Start with a MNIST classifier pre-trained on a subset of the
digits.

Now replace one of the learned digits, say the class “6”, with a new digit, say “3”.

A possible way to proceed is to identify which weights are more involved in the prediction of class “6”, freeze all the rest, and train with a loss that favors the “3” while penalizing the “6”.

Test this baseline and see whether it brings you anywhere. Are there any pitfalls in this idea? Does it work?

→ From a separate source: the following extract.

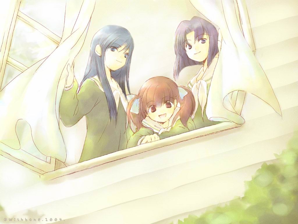Description: Three anime girls looking out a window at the scenery outside of them.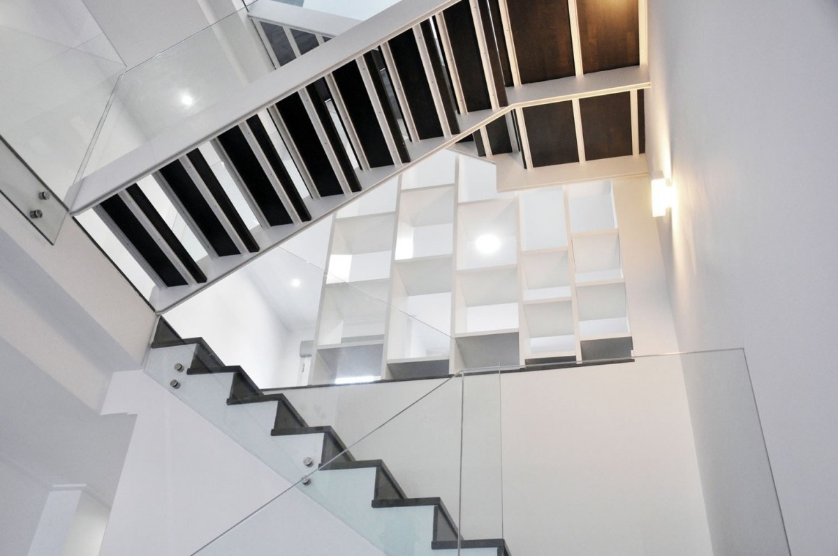 En planta primera encontramos el estudio que comunica con la doble altura, pero a través de un filtro para aumentar su privacidad. Las habitaciones, por su lado, se cierran a este vacío que recorre la vivienda como un fluido.

Use it as a first line of attack to understand the problem.

Starting from these baseline tests, devise a new unlearning procedure.

You can improve upon this baseline, make up your own idea from scratch, or check the literature to get ideas.

If you use an existing approach, you must add something new, for example by testing it on some new data modality (e.g., audio), by studying more extreme cases, failures, weaknesses, or by making it more efficient, and so on.

In [None]:
# HOW TO TRAIN A MODEL

# select a template from source.template:
#from source.template.EMNIST import main
#main(20, 10, 256, 'data/models/EMNIST')

from source.template.Cifar10 import main
main(8, 30, 512, 'data/models/Cifar10')

## EMNIST

In [None]:
# LOAD A MODEL
import torch
import os
from source.template.EMNIST import Classifier
from source.template.EMNIST import N_CLASSES
import random

model_path = "data/models/EMNIST/5_38_10_29_7_27_26_42_9_16_2_33_3_14_39_40_32_11_45_23.pt"
original_list_classes = [int(c) for c in os.path.splitext(os.path.basename(model_path))[0].split('_')]
n_classes = len(original_list_classes)

model = Classifier(n_classes)
model.load_state_dict(torch.load(model_path, weights_only=True))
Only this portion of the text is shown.